Woah, no longer haunted by the skeletons.
Woah, no longer haunted by the past.

For so long, it's all I've known
I'm crossing over the undertow.
For so long no one was listening
Determined to make their deaf ears ring.
To make their deaf ears ring.

Miles repeat. My worst enemy... is me.
But then 4 soon became 6 to shatter the canvas
Handed nothing. Loss, pulling the strings
Outlived the dead trends united by distance

For so long, it's all I've known
I'm crossing over the undertow.
For so long no one was listening
Determined to make their deaf ears ring.

I've been to hell and back, with no promise of return.
So I made friends with fire, to keep from getting burned.
No money, no sleep. Dedication
10 years on the road this is sacred.
And when I'm facing a wall, I do not quit.
...Cause if you mean it, you will make it.

Pulled apart in a world so demanding.
I'm still here, still standing
I've sweat blood from Stockholm to Scranton
Still here, still standing.

You can always rinse the surface, but the stain will remain.

For so long, it's all I've known
I'm crossing over the undertow.
For so long no one was listening
I did my time.

You live, you learn, you defy the terms, but this house will be my home.
Beguiled, betrayed, it's the price we pay, as trust will be our tomb.

If you mean it, you'll make it...

It's been a long ass time since I last listened to this song and fuck, it never fails to be literally fucking epic and one of my favourite MIW songs. 'If you mean it, you will make it' has always resonated with me. Also, someone on insta messaged me earlier, someone I had seen only once a few years ago at a best friend's birthday party but also someone who I once talked to ALOT. He literally messaged me and said something along the lines of its cool to see me pursuing my writing the way I am, and that made me really fucking happy.

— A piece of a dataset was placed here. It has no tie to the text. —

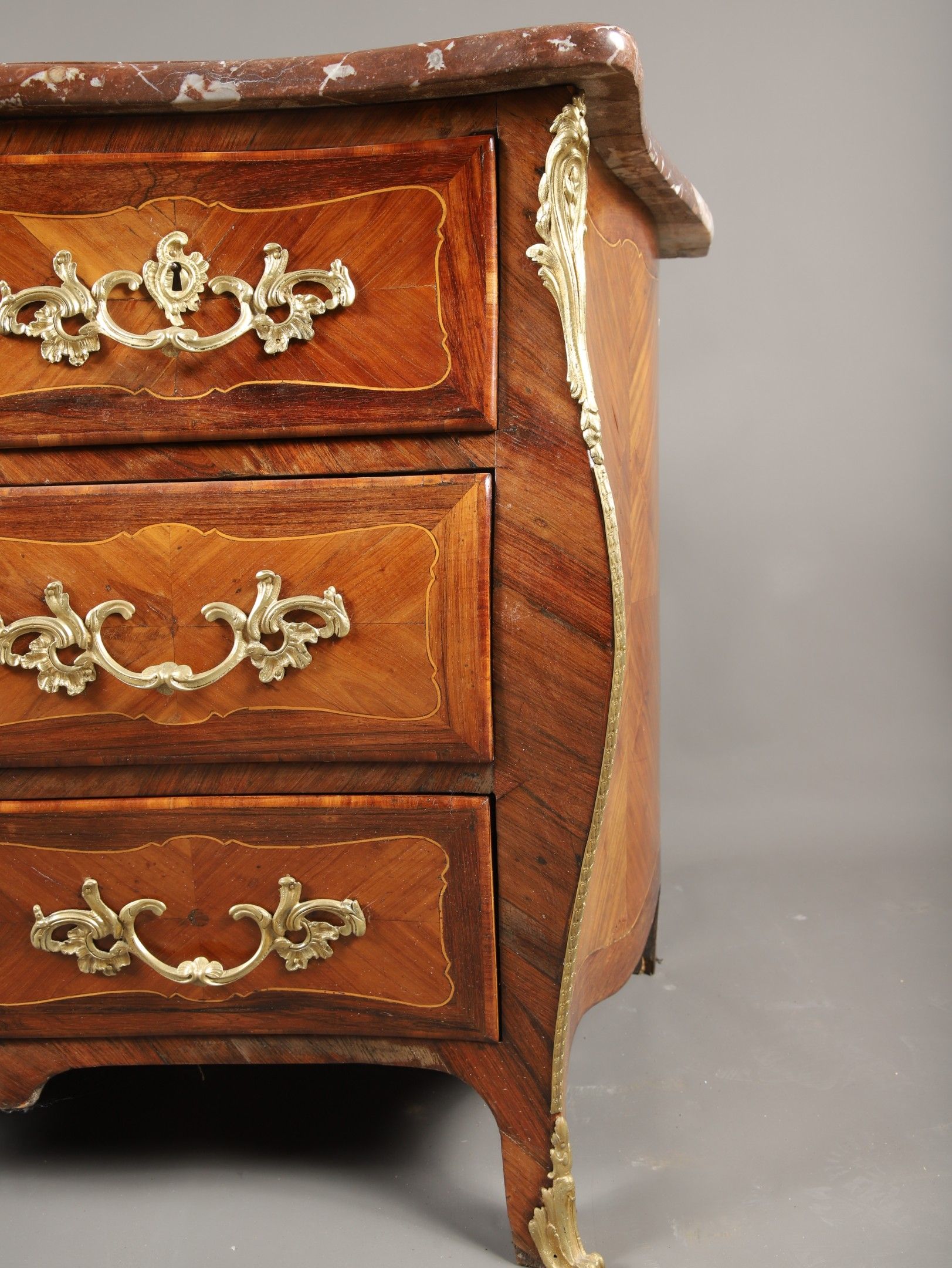 A Louis XV period TOMBAU COMMODE in rosewood frieze in violet wood and light wood fillets, opening to 4 drawers on three rows. Belgian red marble top. 81 x 115 x 64 cm

It kinda made me realise that I should have more faith in it, because I really don't. I know it doesn't seem like it, but I have very, very little faith in my writing. Like today, I actually was genuinely thinking of straight up deleting Murderous Love Story because the latest chapter felt like a literal mess and way too much happened and its straying so far off course and I just could bare to continue it really.

This year though, I'm gonna try to have a little more faith in my writing. If I can't like myself, I at least have to have faith in my writing, and also my music. I've finally picked up the guitar again, and when I played it for the first time in literal years in new years eve, I felt so happy; like I found something that was missing or something. It made me realise just how much I loved playing, even though I was absolute shit at it lol.